Последнее обстоятельство стало очевидным, как только «Дворянское гнездо» Кончаловского вышло на экраны. Вокруг фильма разгорелись довольно жаркие для того времени споры. Так, например, известный литературовед В. Турбин, положительно оценивая картину, видел в ней не столько экранизацию, сколько самостоятельное произведение, имеющее сугубо современный смысл. И с Турбиным, и с картиной вступал в полемику литературовед и историк В. Кожинов, с точки зрения которого, режиссеру «Дворянского гнезда» было нечего сказать об эпохе, запечатленной в романе. «Он взялся снимать о ней фильм потому, что она в «моде». Но ему оставалось лишь «поиграть» с ней. Однако наша классическая культура – это слишком серьезная и слишком для нас важная… вещь. Непомерно дорого обходится такая игра»[7].

 

     Упрек Кончаловскому в том, что режиссер заигрался «модной» эпохой был несправедлив. Дело было в другом, на что обратил внимание кинематографист в ответном слове критикам: «… сложилось впечатление, будто авторы статей порой сами забывали о предмете своих рецензий и начинали выяснять отношения со своими оппонентами»[8]. Действительно, фильм Кончаловского вновь, спустя более чем столетие, провоцировал столкновение тогдашних «славянофилов» и «западников». Отсюда и возмущенный голос В. Кожинова, которого никак не устраивали «высокие слова о родине», поскольку звучали они из уст Лаврецкого, также вызвавшего недовольство литературоведа своим неприличным поведением со слугами.

 

Но особенно недоволен остался Кожинов «шутовской фигурой горбуна, дирижирующего воображаемым оркестром или хором».[9] Речь идет о Лемме (арт.
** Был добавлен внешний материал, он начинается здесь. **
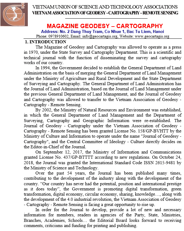 {"id":168900,"name":"MAGAZINE GEODESY – CARTOGRAPHY","desc":"<p align=\"center\" style=\"margin-top:0cm; margin-right:.55pt; margin-bottom:0cm; margin-left:0cm; text-align:center; margin:0cm 0cm 3.75pt\"><img height=\"133\" src=\"\/datafiles\/46325\/upload\/images\/image-20240924222019-1.jpeg\" style=\"float: left;\" width=\"207\" \/><span style=\"font-size:12pt\"><span style=\"font-family:"Times New Roman",serif\"> <span style=\"font-size:16.0pt\"><span style=\"color:black\"><span style=\"letter-spacing:-1.0pt\">VIETNAM UNION OF SCIENCE AND TECHNOLOGY ASSOCIATIONS<\/span><\/span><\/span><\/span><\/span><\/p>\n\n<p align=\"center\" style=\"margin-top:0cm; margin-right:.55pt; margin-bottom:0cm; margin-left:0cm; text-align:center; margin:0cm 0cm 3.75pt\"><span style=\"font-size:12pt\"><span style=\"tab-stops:center 226.55pt left 265.0pt\"><span style=\"font-family:"Times New Roman",serif\"><v:line from=\"104.85pt,26.3pt\" id=\"Straight_x0020_Connector_x0020_2\" o:gfxdata=\"UEsDBBQABgAIAAAAIQC75UiUBQEAAB4CAAATAAAAW0NvbnRlbnRfVHlwZXNdLnhtbKSRvU7DMBSF\ndyTewfKKEqcMCKEmHfgZgaE8wMW+SSwc27JvS\/v23KTJgkoXFsu+P+c7Ol5vDoMTe0zZBl\/LVVlJ\ngV4HY31Xy4\/tS3EvRSbwBlzwWMsjZrlprq\/W22PELHjb51r2RPFBqax7HCCXIaLnThvSAMTP1KkI\n+gs6VLdVdad08ISeCho1ZLN+whZ2jsTzgcsnJwldluLxNDiyagkxOquB2Knae\/OLUsyEkjenmdzb\nmG\/YhlRnCWPnb8C898bRJGtQvEOiVxjYhtLOxs8AySiT4JuDystlVV4WPeM6tK3VaILeDZxIOSsu\nti\/jidNGNZ3\/J08yC1dNv9v8AAAA\/\/8DAFBLAwQUAAYACAAAACEArTA\/8cEAAAAyAQAACwAAAF9y\nZWxzLy5yZWxzhI\/NCsIwEITvgu8Q9m7TehCRpr2I4FX0AdZk2wbbJGTj39ubi6AgeJtl2G9m6vYx\njeJGka13CqqiBEFOe2Ndr+B03C3WIDihMzh6RwqexNA281l9oBFTfuLBBhaZ4ljBkFLYSMl6oAm5\n8IFcdjofJ0z5jL0MqC\/Yk1yW5UrGTwY0X0yxNwri3lQgjs+Qk\/+zfddZTVuvrxO59CNCmoj3vCwj\nMfaUFOjRhrPHaN4Wv0VV5OYgm1p+LW1eAAAA\/\/8DAFBLAwQUAAYACAAAACEANXjTA8gBAABYBAAA\nHwAAAGNsaXBib2FyZC9kcmF3aW5ncy9kcmF3aW5nMS54bWykVE1vnDAQvVfKf7B8b\/jYJopQ2Bw2\nTS5RGnXbHzAyBqyYMbIdyv77joEFhFaK1F4sz\/i9N37jgfuHvtGsk9YpgzlPrmPOJApTKKxy\/vvX\n09c7zpwHLEAblDk\/Sccf9ldf7iGrLLS1EowU0GWQ89r7NosiJ2rZgLs2rUQ6K41twFNoq6iw8IeU\nGx2lcXwbNaCQ7xepR\/DAPqz6ByltxLssDoAdOJLUIltnpjtq8f\/KkGH3bNtj+2bDzcVr92aZKnJO\nnUNoqEU8mg4mGIXRhlUtAn1pm4A3Zcn6QeUU1kFD9p6JMSmWrKh\/XMCK+vsFNBUeC9BmVVT0eGxD\nVewOYbv1kp69HL0FVdWeHQyiFN5Yls7+JurZ30rJTYobc+ntXbzb3XBGZhKagORmY3RHyW8xdXK2\nOxuArLXOP0vTsLDJuVYoh+GB7sX58RJnSLCmMazOaFU8Ka2HIEymPGjLOtA5930SvFCJFYqiwAzJ\nyYTzJy1HxZ+ypLemF0mHysOkL3oghER\/1tRI6EArqfpMjD8nTvhAlWVJTZ\/JyefkmTFUNriQG4XG\nXhJY2lCO+NH96Jr6MA1LtPmmBtT0Dwgf7jre\/wUAAP\/\/AwBQSwMEFAAGAAgAAAAhAODMYzwIBwAA\nDSAAABoAAABjbGlwYm9hcmQvdGhlbWUvdGhlbWUxLnhtbOxZS28bNxC+F+h\/WOy9sWTrERuRA+vh\nOIllG5GSIkdql9plxH2ApOzoViSnXgoUSIseGqC3HoqiARqgQS\/9MQYctOmP6JD7EClR8QM+BIUd\nINid\/WY4nBnOjIZ37j6PqHOMGSdJ3HKrtyqug2Mv8UkctNzHw90vbrsOFyj2EU1i3HJnmLt3tz\/\/\n7A7a8ihJRwli\/jDEEXZAUMy3UMsNhUi31ta4B2TEbyUpjuHbOGEREvDKgjWfoRNYIKJr65VKYy1C\nJHa3QaKQgnoU\/osFlwSPsoEUg50YRbD64XhMPKyw\/qQqEXzGO5Q5x4i2XJDpJydD\/Fy4DkVcwIeW\nW1F\/7tr2nTW0lTNRsYJX49tVfzlfzuBP1tWaLBiVi9Zq9Vpjp5SvAFQs43rNXqPXKOUpAPI82Gmm\niymzud6p5VgNlD1aZHeb3Y2qgdfkbyzpvFOX\/wy8AmXya0v43d0OWNHAK1CGry\/h6+3NdteUr0AZ\nvrGEb1Z2urWmIV+BQkriyRK6Um9sdIrdlpBxQves8M16bbe5ngufoyAayuiSS4yTWKyKtQg9S9gu\nACSQIkFiR8xSPEYexGQHUTJixNknQSjkMmgLI+17RvL4Ekmu6HCPkVS03Acpil0Ncvbu3emLt6cv\n\/jh9+fL0xW+6dINvD8WBzvfh52\/\/ff2V88\/vP3149V229CKe6\/j3v379\/s+\/PiYeDtN8s2ffv3n\/\n9s3ZD9\/8\/csri\/QdhkY6fEgizJ0DfOI8SiLYoLKOqQ8esctxDENEdI6dOOAoRnIVi\/yeCA30wQxR\nZMG1sWnHJwySiQ14b\/rMUHgQsqkgFokPw8gA9pOEthNmtcJDuZZm5uE0DuyLs6mOe4TQsW3tDooN\nL\/emKWRRYhPZCbGh5hFFsUABjrFw5LdkgrFld08JMezaJx5LeDIWzlPitBGxmmRIRkY0zZn2SAR+\nmdkUBH8btuk\/cdoJte26i49NJJwNRC3KDzE1zHgPTQWKbCKHKKK6wfeRCG1KDmbM03E9LsDTAaaJ\n0\/Mx5zaeQwb71Zz+EBKJ3e19OotMJBNkYpO5j5JER3aTSSdEUWrDDkgc6tj7fAIhipyjRNjg\/cQ8\nIfId\/IDile5+QrDh7vOzwWPIobpK8wCRX6bM4st7ODHidzCjY4RtqWaHRUaK3WHEGh3taWCE9j7G\nFJ0gH2Pn8X2LBu0kNWw+V\/pBCFllD9sC6wEyY1W+x5hjR7Uvy3lyn3AjZAc4SFbo058tJJ4ZiiPE\nVkk+AK\/rNu9BMYtsAXBIvYkOPCDQ0UG8WI1yyEGGFtwrpR6FyChg8p3b43XGDP9d5IzBuXxmqHGB\ncwk8+NI8kNh1no\/aZoioscA8YIYI+ghbugUWw\/1zFllcFdvUyjc2D+3cDdD\/GG1NROJze5ws+K+n\nu4Ee4uzH15bjdD0djV2wkY4u2cusShd7Cx3MKtxi39JJmE8+\/bali6bxEYZKsZyTbrqWm67F\/d93\nLavO802vsqqjuOlVXOghbnqVfEByPb3KvD2BzkWOELJhjRrdRCsnN2NC6UDMKN7nanjD4ReLvwtE\nyacmlLic5KUhPMoyBwsYuIAhxeOwRHxJRDgIUQqDn6orhQQ8Fx1wJ004DBwV2Spb4uk06id+NrCs\nVuVwMqusHIk5vVIv6TBsEhm60ZwP4UrxSttADUsLBSTvZZTQFjOV2LAo0SyI0khqNAtGsyihdnYt\nWmxatLgtxReuWtICVCu9Aj+pHfgh3nLrNWABJpi4QfvtSz9lri68q5x5nZ5eZUwjAiowAc8jYO7p\nTanryu3J3WWhdgFPG0po4WYqoSyjGjwewg\/dPDol9SJqXNbXm3OXGupJU+S20NRo3v6YFlf1NfAt\n5gYa65mCxs5Jy21s1CFkPJS23DEMfuExSiF2uPxVhWgAVyaeYNmBv0pmSRkXXcTDzOAq6WTZICIC\nM4eSqOXK7ZduoLHKIUq36jokhE9WuU1IK5+acuB008l4PMae0N2uUaSls1fI8FmusH5V7FcHS85k\nCu4ehP6JM6JT9ghBiNWbVWlAn3C4Hahm1vQJXGiViWwefwuFKU+7+o2SiqGMjmgaoryi6Mk8g6tU\nXqqj3kobaG\/5nsGgmknyQjgKZIHVjWpU07JqZDqsrLrnM0nLaUlzXjONrCKrpj2LGSsUZWDBllcr\n8ppWhYmhXOoVPkvdiyl3s8h1C31CWSXA4KX9LFX3AgVBU22+mKGa1Hg5DcucnVPN2lFs8BzVLlIk\ntKzfKMQu2K2sEdblgHilyg98i1ELpHHRVypL2y6n+yh1RkG15cIFMYz\/nsMTXDG7QFuXtHVJgye4\nN4ZykV32ttz8oaDA94xSYjYKykaBqRWUWkGpF5R6QWkUlIbrqFtRuImXF6KuU1x6Qg3LL0nz3sK8\nwd\/+DwAA\/\/8DAFBLAwQUAAYACAAAACEAnGZGQbsAAAAkAQAAKgAAAGNsaXBib2FyZC9kcmF3aW5n\ncy9fcmVscy9kcmF3aW5nMS54bWwucmVsc4SPzQrCMBCE74LvEPZu0noQkSa9iNCr1AcIyTYtNj8k\nUezbG+hFQfCyMLPsN7NN+7IzeWJMk3ccaloBQae8npzhcOsvuyOQlKXTcvYOOSyYoBXbTXPFWeZy\nlMYpJFIoLnEYcw4nxpIa0cpEfUBXNoOPVuYio2FBqrs0yPZVdWDxkwHii0k6zSF2ugbSL6Ek\/2f7\nYZgUnr16WHT5RwTLpRcWoIwGMwdKV2edNS1dgYmGff0m3gAAAP\/\/AwBQSwECLQAUAAYACAAAACEA\nu+VIlAUBAAAeAgAAEwAAAAAAAAAAAAAAAAAAAAAAW0NvbnRlbnRfVHlwZXNdLnhtbFBLAQItABQA\nBgAIAAAAIQCtMD\/xwQAAADIBAAALAAAAAAAAAAAAAAAAADYBAABfcmVscy8ucmVsc1BLAQItABQA\nBgAIAAAAIQA1eNMDyAEAAFgEAAAfAAAAAAAAAAAAAAAAACACAABjbGlwYm9hcmQvZHJhd2luZ3Mv\nZHJhd2luZzEueG1sUEsBAi0AFAAGAAgAAAAhAODMYzwIBwAADSAAABoAAAAAAAAAAAAAAAAAJQQA\nAGNsaXBib2FyZC90aGVtZS90aGVtZTEueG1sUEsBAi0AFAAGAAgAAAAhAJxmRkG7AAAAJAEAACoA\nAAAAAAAAAAAAAAAAZQsAAGNsaXBib2FyZC9kcmF3aW5ncy9fcmVscy9kcmF3aW5nMS54bWwucmVs\nc1BLBQYAAAAABQAFAGcBAABoDAAAAAA=\n\" strokecolor=\"black [3213]\" strokeweight=\"1pt\" style=\"positi

А. Костомолоцкий), который у Кончаловского балансирует, конечно, на грани комической, но нигде не уходит в роль банального шута. Напротив, он очень важен для понимания мировоззренческого наполнения фильма, потому что позволяет взглянуть на тему отрыва от родного гнезда в особом ракурсе. «Шутом» выглядит одинокий Лаврецкий в парижских салонах, где супруга его чувствует себя вполне комфортно. Таким же неуклюжим, неповоротливым и чужим, каким, вероятно, должен был казаться Пьер Безухов в салоне Шерер, где производил впечатление медведя. Лемм, несмотря на более чем сорокалетнее свое пребывание в русских дворянских семьях, так же одинок, странен. Он так же мучительно переживает свое одиночество, свою глубинную неприкрепленность к чужому для него образу жизни, чужой семье. Слова «страшно умирать на чужбине» в его устах звучат правдиво и глубоко трагично. 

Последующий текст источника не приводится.